Read Weremones Online

Authors: Buffi BeCraft-Woodall

Weremones (33 page)

Once assured his companion was all right, the pale wolf swiped a few affectionate swipes of his tongue across the smaller wolf’s jowl. He barked and ran into the woods behind the house. Behind him, the other wolf was a dark shadow.

As a wolf, Adam’s senses far outranked those of his human form. The information from the world around him was received and processed much more efficiently in his wolf form. His power was no less, but his senses were greater.

He picked up the scent trail he was looking for and followed it. The trail was as visible to his nose as the leaves on the ground, more so since the wolven were color blind.

Scents had a texture and flavor that no human understood. In his human form, Adam’s nose was far stronger than a human’s. But changing into his wolf form, even partially, it was like a shroud being pulled away from his face. Who needed color when the scent offered up so much more information? Like going from two dimensional, bypassing three dimensional, and going for ten dimensions.

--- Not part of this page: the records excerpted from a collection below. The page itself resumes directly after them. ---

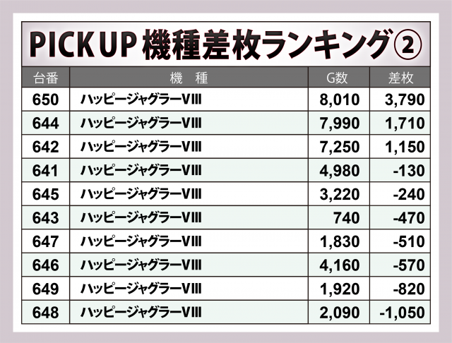 ジャグラーシリーズが高い安定度となった点も見逃せない。『アイムジャグラーEX』『ハッピージャグラーVⅢ』『マイジャグラーⅤ』それぞれに+4,000枚近い台をカウントすることができた。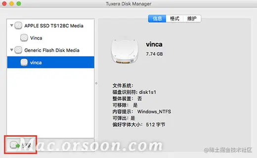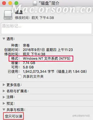 在Mac中打开磁盘的简介会发现Mac对NTFS格式磁盘只有“只读”权限,无法进行写入存储文件,所以我们要拓展Mac对此类文件系统的使用权限。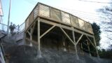 ウッドデッキは、座る生活が多いので、目隠しは多少低めで設定。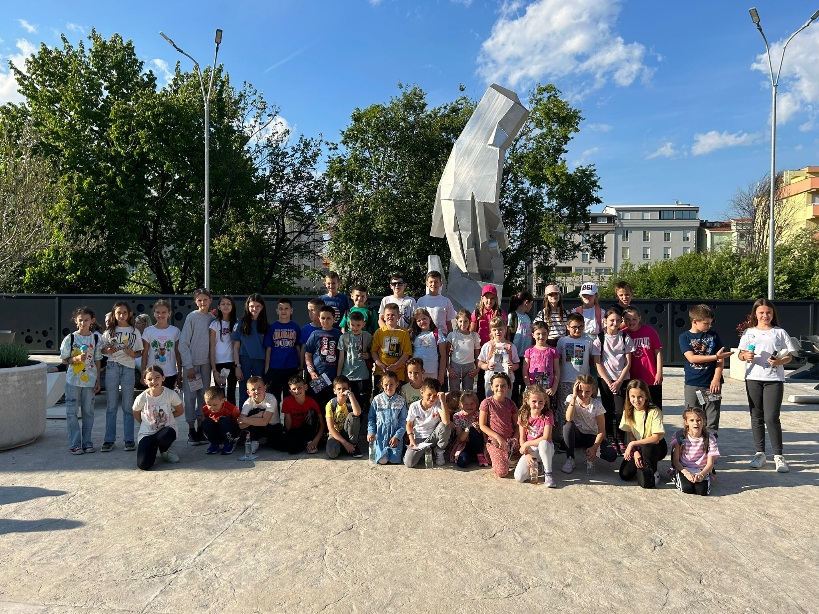 Ispred muzeja je trg u čijem središtu se nalazi skluptura Ruke autora akademskog kipara Josipa Ivešića.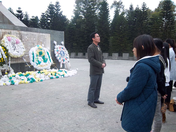 湛师新闻网3月31日讯 为纪念革命先烈,学习烈士们的艰苦奋斗精神, 昨天下午,在校关工委郑光华老师和辅导员全光华老师的带领下,数科院团委组织08、09、10级学生党员到湛江市寸金公园烈士陵园参加“追忆烈士,激励斗志”清明祭扫活动。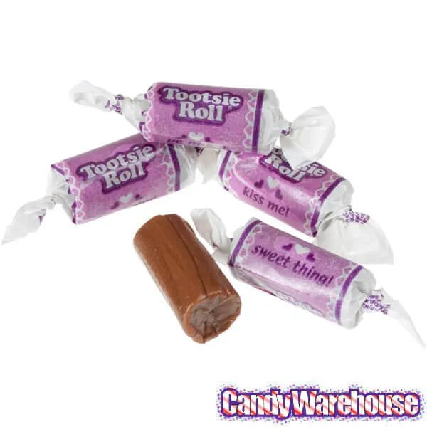 Bag contains 12 ounces of Purple Tootsie Rolls Valentine Candy... that's about 50 pieces.
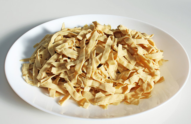 豆腐に圧力をかけて脱水したもので中国及び台湾で広く使われている。低糖質で高たんぱくなヘルシー食材として日本でもヒットし、コンビニやスーパーの惣菜でも並び始め、注目が集まっている。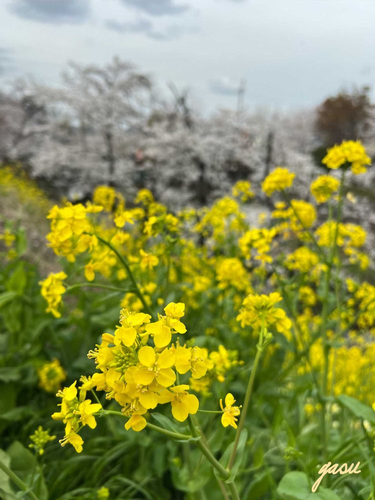 ⑤昨年の春地元の境川の花見🌸で咲いてた菜の花💛(昨春コラージュで投稿)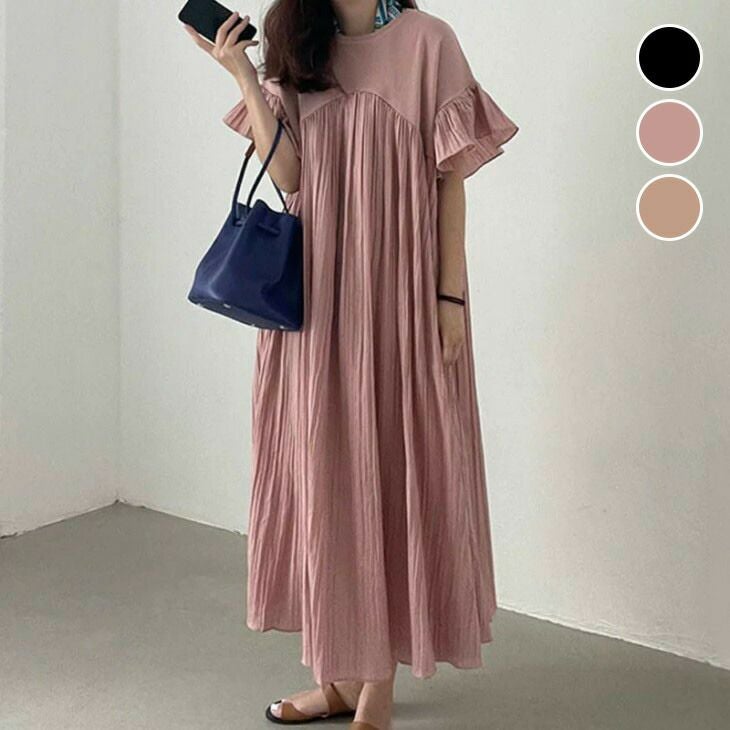 フリルスリーブ プリーツ ワンピース ロングワンピ アシメ [AMELY by La-gemme]フリルスリーブ プリーツ ワンピース ロングワンピ アシメ 半袖 無地 シンプル きれいめ ガーリー 夏 おすすめ レディース オシャレ トレンド 人気 プチプラ 韓国ファッション 【3918-n515】【予約販売:15-20日】【送料無料】メ込2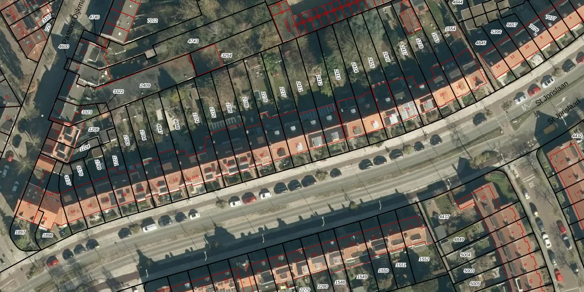 St Jorislaan 36 is gelegen op kadastraal perceel STM00E2277. Deze kadastrale aanduiding is uniek en wordt gebruikt door het Kadaster om eigendomsrechten en andere zakelijke rechten vast te leggen. Het perceel maakt onderdeel uit van de kadastrale gemeente Stratum.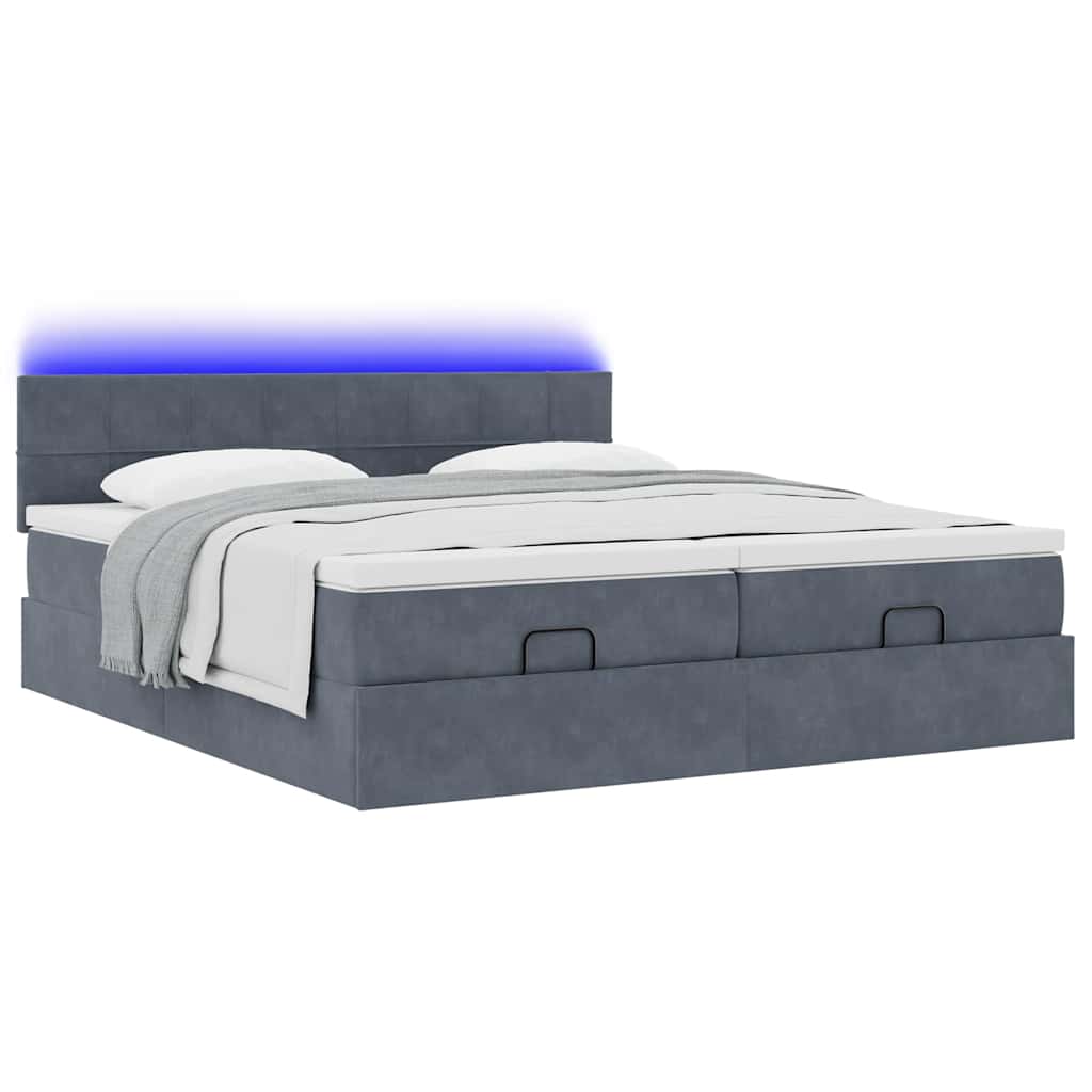 Ottoman-Bett mit Matratzen & LEDs Dunkelgrau 180x200 cm Samt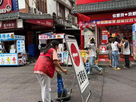 在张公桥美食街,志愿者们用行动绘就了一道别样的风景。他们化身秩序引导员,耐心劝导前来的车辆与摊贩,守护街区通畅,只为让每一位行人都能安心徜徉;他们更化身贴心服务员,面对络绎不绝的游客,不仅热情指引路线、解答咨询,更设立了便民服务点,并贴心提供物品寄存服务。志愿者们春风化雨般的解答与笑容,让天南地北的游客沉浸式地体验了乐山的温度与青春的活力。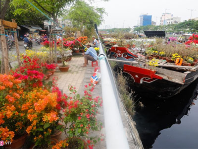 Hàng trăm nhà vườn từ các tỉnh miền Tây đi ghe thuyền chuyển hoa kiểng lên TP.HCM bán Tết tại bến Bình Đông khiến cả dòng kênh rộn ràng ngập sắc xuân.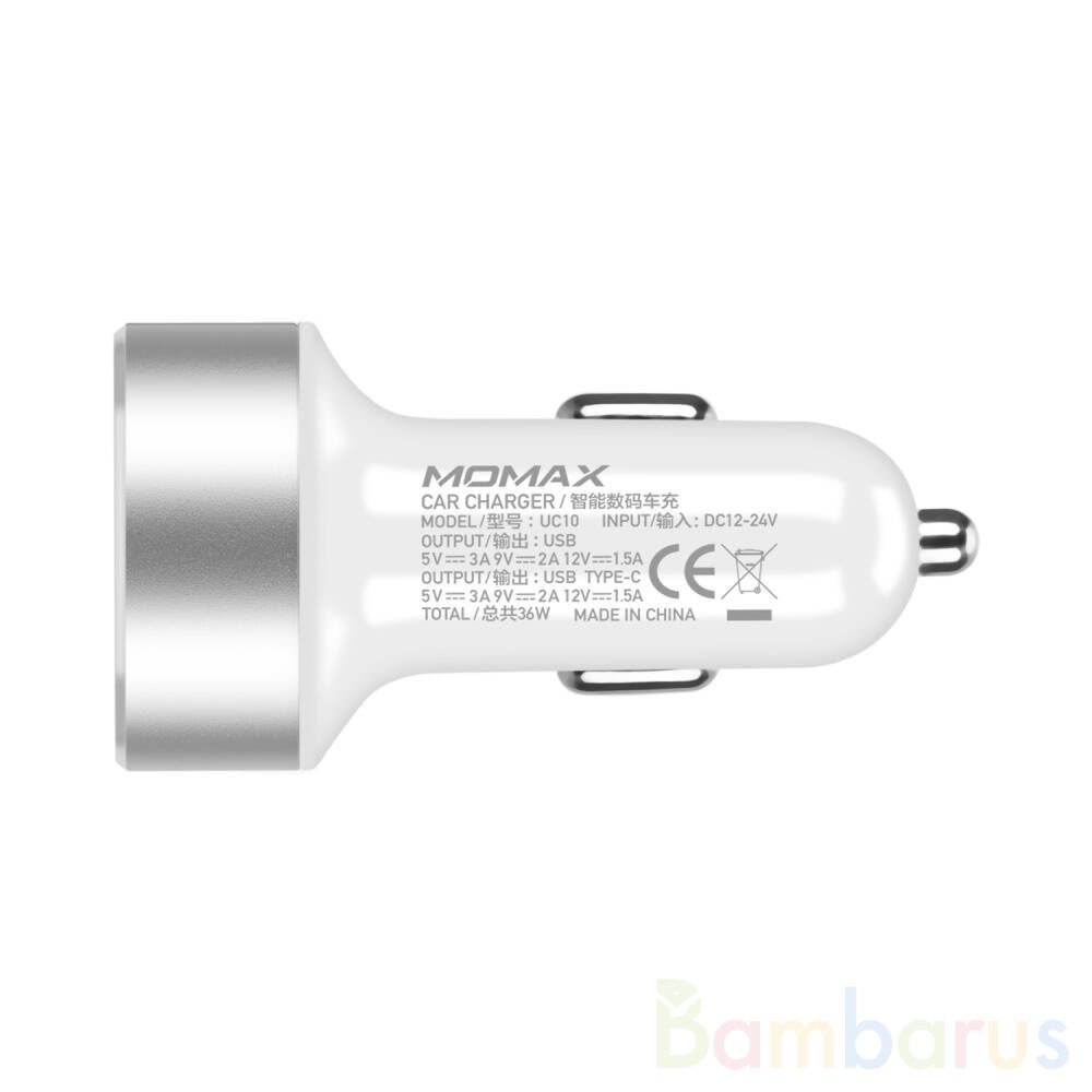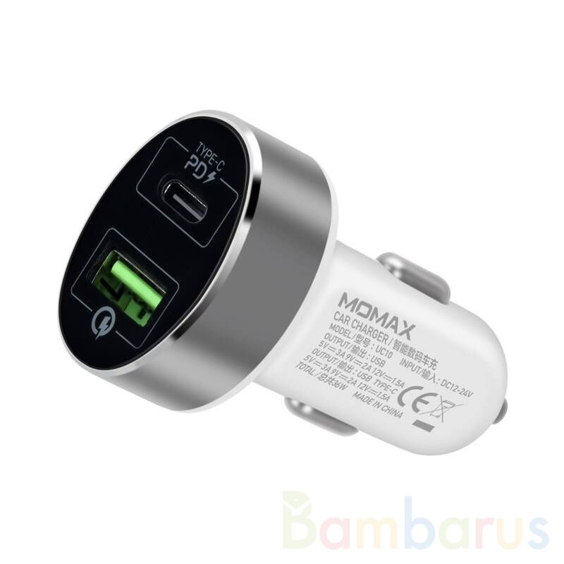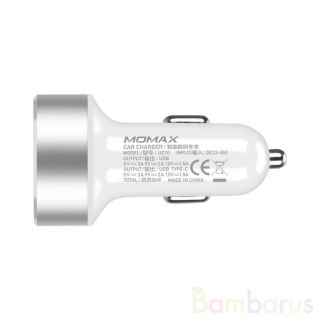 Автомобильное зарядное устройство Momax имеет интерфейс с двумя разъёмами: USB-C и USB-A.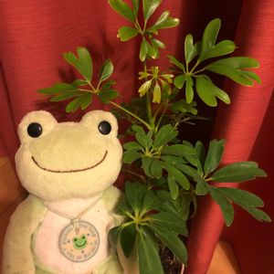 こんばんは。 シェフレラ レナータとカエルのピクルスです。 葉の先に切り込みが入っていて、ピクルスの手足みたい🐸 冬越しのため、そろそろ室内へ。 日付が変わってしまいましたが、6日はカエルの日🏷参加させてください。 No.496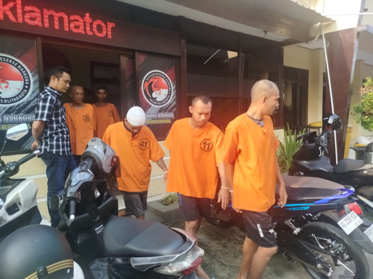Untuk kelima tersangka yang diamankan yakni, FD alias Oger (26), warga kelurahan Karangsari Kota Blitar yang sehari hari buruh angkut telur, EP alias Toyek (26), warga Kec.Kandat Kabupaten Kediri, MKA alias Tolol (28), wiraswasta, warga Kec. Wonodadi Kab. Blitar, AB alias Agus alias Kletik (47), tukang parkir, warga Tamanan, Tulungagung. dan MJ alias Mbah No (43), kuli bangunan, warga Karangrejo, Tulungagung.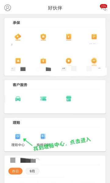 2、登录后,在主界面找到理赔中心功能按键,点击进入。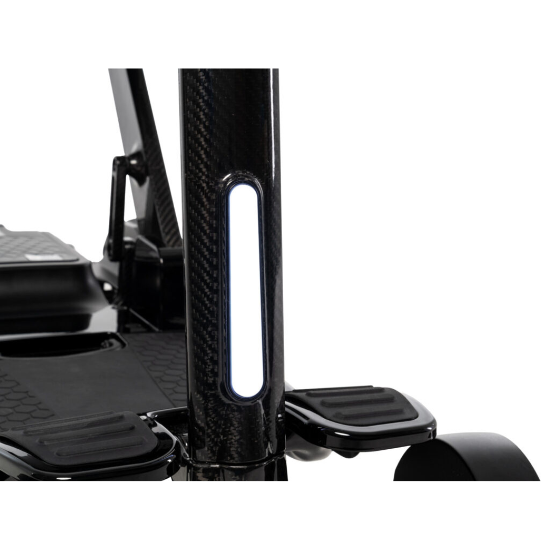 Niet alleen het frame, maar ook de velgen en stuurkolom zijn volledig uit carbon vervaardigd. Hierdoor zet deze scooter een nieuwe standaard in draagbaarheid en design binnen het mobiliteitssegment.

Adam found the small clearing he was looking for and circled it, aware that his enemies could have laid a trap. He sniffed both the ground and the foliage above.

A resourceful supernatural trying to keep a wolven pack from taking an area might form an alliance with the local fairy population. A vampire or a witch would lay spells designed for maximum damage.

Wolven were more resistant to magic and psychic attacks, which often raised the question as to whether their precious psychics were another form of magic wielding supernaturals.

Adam didn’t know about much about werecoyotes. Until recently, he’d always assumed they were intelligent enough to stay out of the way of the more powerful supernaturals. He didn’t give them a lot of points in the smarts department. Yet, after all his years of watching Paul’s back, Adam erred on the side of caution.

Finally satisfied that he wasn’t about to be blasted into oblivion or set upon by a bunch of fleas in a fairy thrall Adam entered the clearing. He’d escaped that particularly nasty trick, but seen the flea thing done before.

Adam consequently had a deep respect for fairies, especially the little bitty winged ones.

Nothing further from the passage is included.